[Start of section]

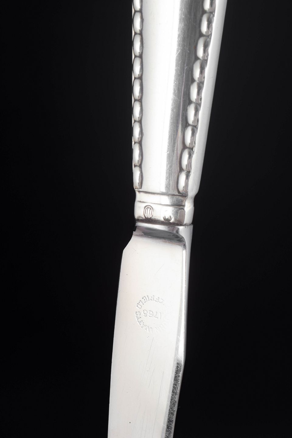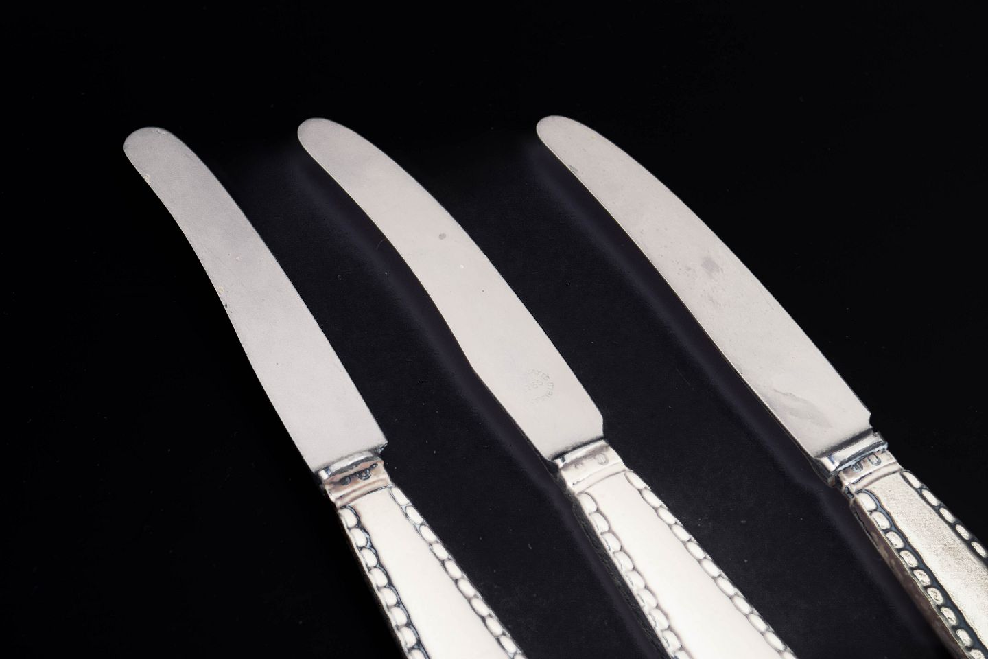 Sæt af tre knive i rustfrit stål og tretårnet sølv i mønstret Perle fra Georg Jensen. Skaftet er udformet med en karakteristisk perlerand langs kanten, et klassisk dekorativt motiv som giver bestikket et elegant og tidløst udtryk.
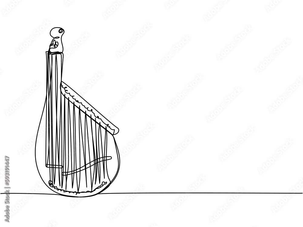 Bandura one line art. Continuous line drawing of music, instrument, folk, musical, ukrainian, culture, acoustic, ethnic, lute, kobza, traditional, mandolin, ...
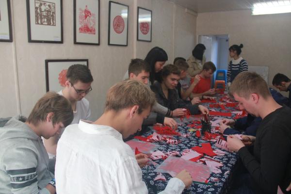 德国交流生在学习剪纸
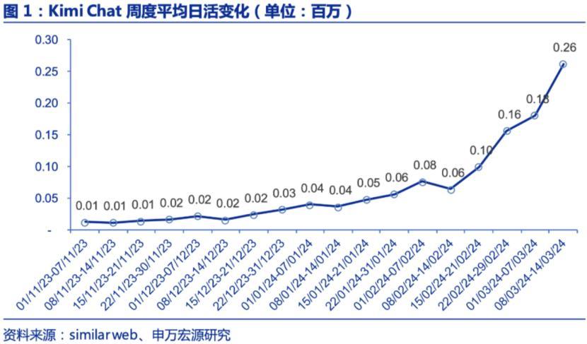2024年3月18日,月之暗面宣布Kimi智能助手启动200万字无损上下文内测。 [1]截至3月19日,Kimi智能助手累计下载量突破50万次大关,过去一周日均下载量接近4万次,周环比提升4倍。 [3]3月20日,AI应用主线爆发,下午,“Kimi概念股暴涨”等相关话题冲上微博热搜。 [1]
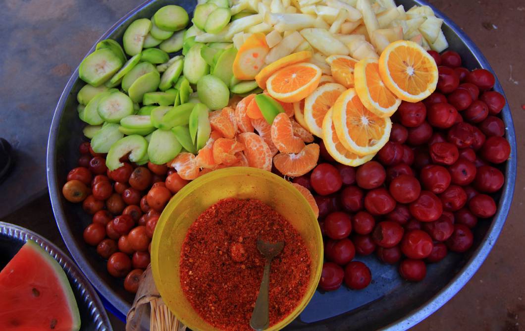泰国有“水果王国”的美誉,街头随处可见的水果摊上,芒果、菠萝、木瓜各种各样的热带水果绝对让你目不暇接,你可以买上几袋,跟着当地人一起撒上辣椒粉拌一拌(什么?辣椒粉?!对,你没有看错!)。可见泰国人民对辣椒的热爱真的是非常非常的疯狂!
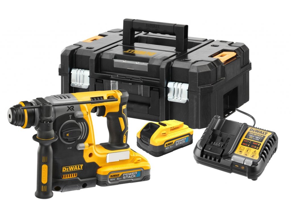 DCH273H2T DEWALT 18 V AKU BEZUHLÍKOVÉ, KOMBINOVANÉ KLADIVO SDS PLUS, 2 X POWERSTACK 5,0 AH BATERIE, NABÍJEČKA, KUFR T-STAK
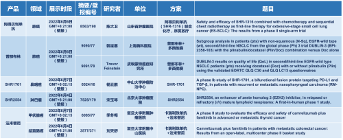 2022 ASCO年会另有5款九游会·J9医药上市前抗肿瘤创新药的相关研究被接收为壁报,包括SHR-1316、普那布林、法米替尼、SHR-1701和SHR2554,他们的单药或联合方案相关7项研究被接收为壁报,覆盖肺癌、鼻咽癌、淋巴瘤、甲状腺癌和结直肠癌等领域。
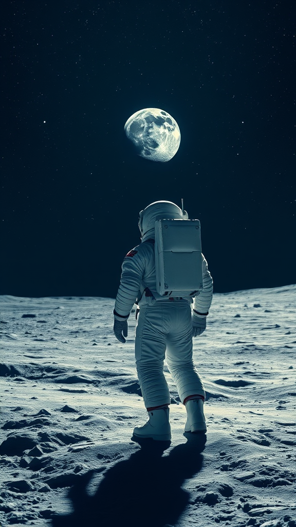 A highly detailed image of an astronaut standing on the lunar surface under a starry sky, the scene bathed in a cool blue and grey color palette with soft highlights, the lunar landscape stretching into the distance with sharp clarity, the astronaut gazing towards the Earth with serene determination, his suit reflecting the subtle hues of the moon's surface, adding an air of solitude and wonder.
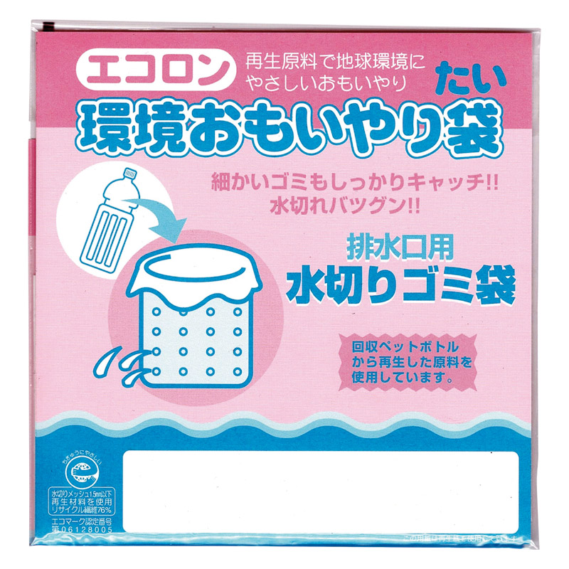 回収PETボトルを使用。 細かいゴミもしっかりキャッチ。 水切れバツグン。 エコマーク認定商品。 グリーン購入法適合商品。
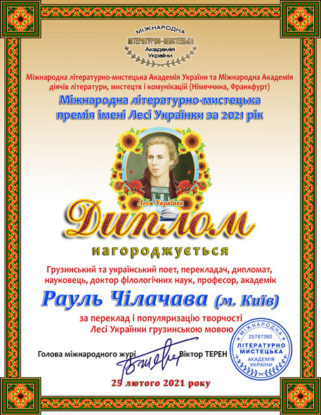 1. Грузинський та український поет, перекладач, дипломат, науковець, доктор філологічних наук, професор, академік Рауль Чілачава (м. Київ) – за переклад і популяризацію творчості Лесі Українки грузинською мовою;
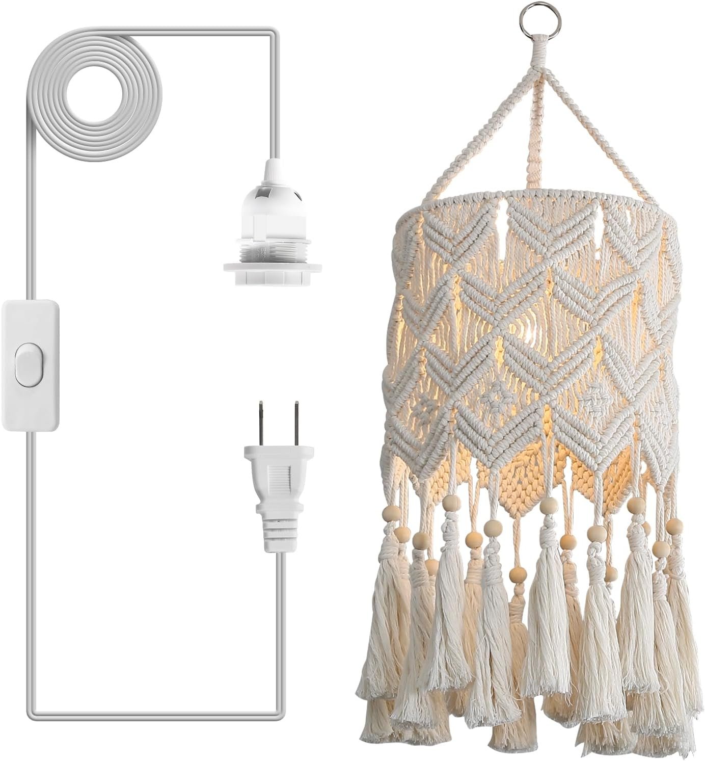 Boho Hanging Lamp Shade,Macrame Pendant Light Shade,Handmade Boho Light fixtures Hanging Lights with Plug in Cord,Boho Lamps for Home livingroom Bedroom Kitchen (Lightbulb Not Included)
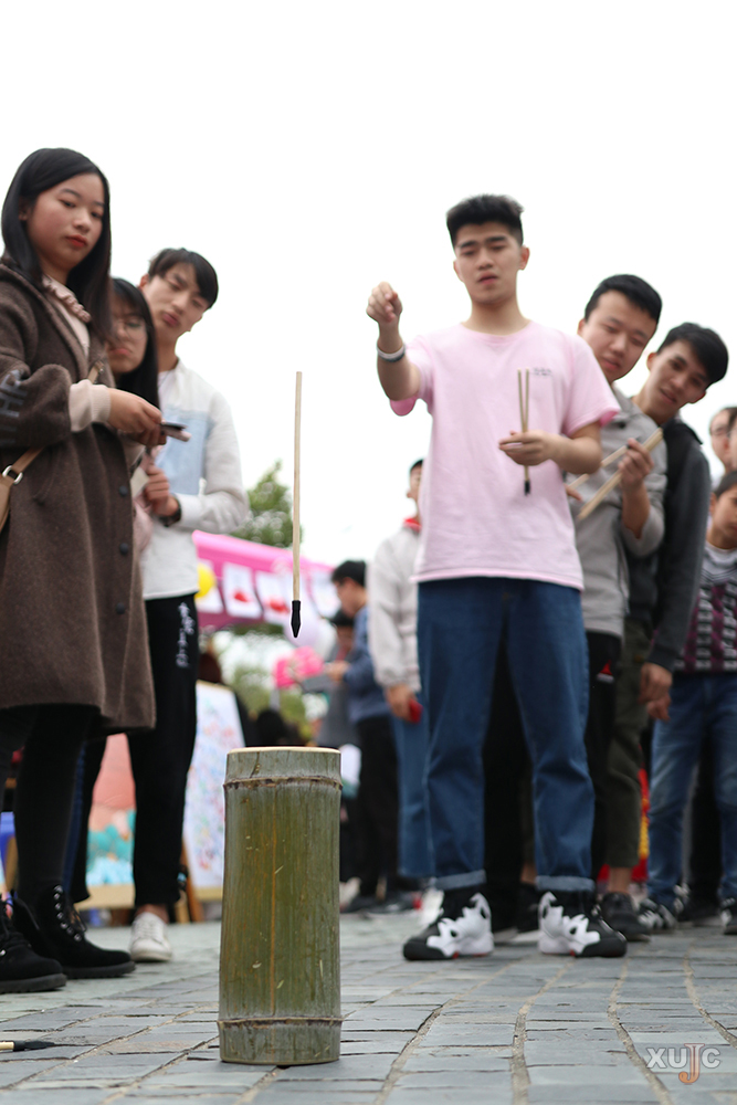 在传统文化体验活动中,各个社团充分发挥特有优势,精心准备了各种游戏。音乐协会准备的“吟花咏柳”游戏,参与者在规定时间内须唱出带有“花”的歌曲,吟出带有“花”的诗词;在“锦绣年华”活动中,汉之华章汉服社则教授游园者在手帕上进行简单的刺绣;益与义茶文化协会准备的投壶游戏,让许多同学宁愿排长队也要体验一把;文物爱好者交流协会的“妙笔生花”活动,则普及了花朝节的相关知识……

[End of section]

## Task description
Repeat everything in the entries above word for word, excluding the images.

## Solution for this problem
 Sæt af tre knive i rustfrit stål og tretårnet sølv i mønstret Perle fra Georg Jensen. Skaftet er udformet med en karakteristisk perlerand langs kanten, et klassisk dekorativt motiv som giver bestikket et elegant og tidløst udtryk.
 Bandura one line art. Continuous line drawing of music, instrument, folk, musical, ukrainian, culture, acoustic, ethnic, lute, kobza, traditional, mandolin, ...
 德国交流生在学习剪纸
2024年3月18日,月之暗面宣布Kimi智能助手启动200万字无损上下文内测。 [1]截至3月19日,Kimi智能助手累计下载量突破50万次大关,过去一周日均下载量接近4万次,周环比提升4倍。 [3]3月20日,AI应用主线爆发,下午,“Kimi概念股暴涨”等相关话题冲上微博热搜。 [1]
泰国有“水果王国”的美誉,街头随处可见的水果摊上,芒果、菠萝、木瓜各种各样的热带水果绝对让你目不暇接,你可以买上几袋,跟着当地人一起撒上辣椒粉拌一拌(什么?辣椒粉?!对,你没有看错!)。可见泰国人民对辣椒的热爱真的是非常非常的疯狂!
 DCH273H2T DEWALT 18 V AKU BEZUHLÍKOVÉ, KOMBINOVANÉ KLADIVO SDS PLUS, 2 X POWERSTACK 5,0 AH BATERIE, NABÍJEČKA, KUFR T-STAK
 2022 ASCO年会另有5款九游会·J9医药上市前抗肿瘤创新药的相关研究被接收为壁报,包括SHR-1316、普那布林、法米替尼、SHR-1701和SHR2554,他们的单药或联合方案相关7项研究被接收为壁报,覆盖肺癌、鼻咽癌、淋巴瘤、甲状腺癌和结直肠癌等领域。
 A highly detailed image of an astronaut standing on the lunar surface under a starry sky, the scene bathed in a cool blue and grey color palette with soft highlights, the lunar landscape stretching into the distance with sharp clarity, the astronaut gazing towards the Earth with serene determination, his suit reflecting the subtle hues of the moon's surface, adding an air of solitude and wonder.
 回収PETボトルを使用。 細かいゴミもしっかりキャッチ。 水切れバツグン。 エコマーク認定商品。 グリーン購入法適合商品。
 1. Грузинський та український поет, перекладач, дипломат, науковець, доктор філологічних наук, професор, академік Рауль Чілачава (м. Київ) – за переклад і популяризацію творчості Лесі Українки грузинською мовою;
 Boho Hanging Lamp Shade,Macrame Pendant Light Shade,Handmade Boho Light fixtures Hanging Lights with Plug in Cord,Boho Lamps for Home livingroom Bedroom Kitchen (Lightbulb Not Included)
 在传统文化体验活动中,各个社团充分发挥特有优势,精心准备了各种游戏。音乐协会准备的“吟花咏柳”游戏,参与者在规定时间内须唱出带有“花”的歌曲,吟出带有“花”的诗词;在“锦绣年华”活动中,汉之华章汉服社则教授游园者在手帕上进行简单的刺绣;益与义茶文化协会准备的投壶游戏,让许多同学宁愿排长队也要体验一把;文物爱好者交流协会的“妙笔生花”活动,则普及了花朝节的相关知识……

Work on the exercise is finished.